Portability. On another related note, learned simulators would have many fewer dependencies. We just need to save the weights and model definition, and then we can load them anywhere that supports the floating point operation primitives. We can deploy them in browser for interactivity, for example, or on any hardware that supports those ops.

Sim2real Engine. A learned simulator may enable a Sim2Real Engine, where we iteratively bootstrap a system by: training models inside of the simulator, using those models to collect data in the real world, and using that data to train and improve the simulator. Rinse, repeat.

Science and engineering applications. A learned simulator may be useful to answer scientific questions and to use in an engineering design process. It could offer a more repeatable and examinable model of the real world. We could study the dynamics of systems more easily. We could plug in information like technical drawings and descriptions of new parts and observe how systems behave (similar to how simulators are used now, but in an easier automatic way).

Conclusion

The big question, then, is how are we going to build this?

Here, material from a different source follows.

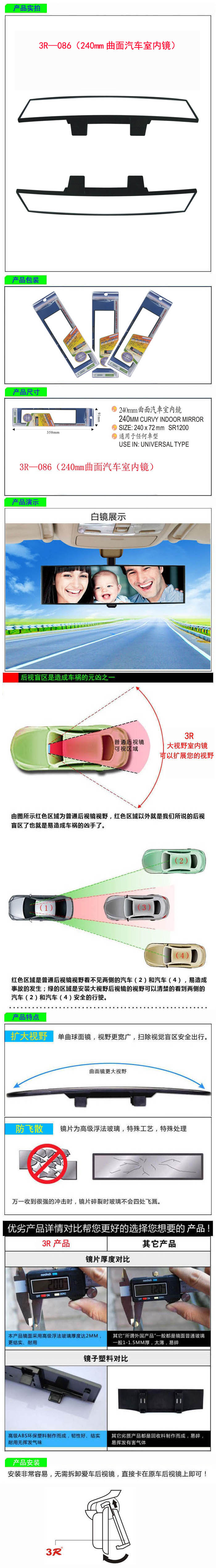 • 型號:   3R—086(240mm曲面汽車室內鏡)

My brief answer for now is: gradually. I don’t think we currently have the technology (compute and otherwise) to build and run a fully learned simulator in a way that is economically sustainable. In the meantime, it seems like a good strategy to pick the low-hanging fruit where we can learn components of the simulator and incorporate them in the loop for greater accuracy. Jemin et al.’s work on the Anymal is probably my favorite example in this space right now.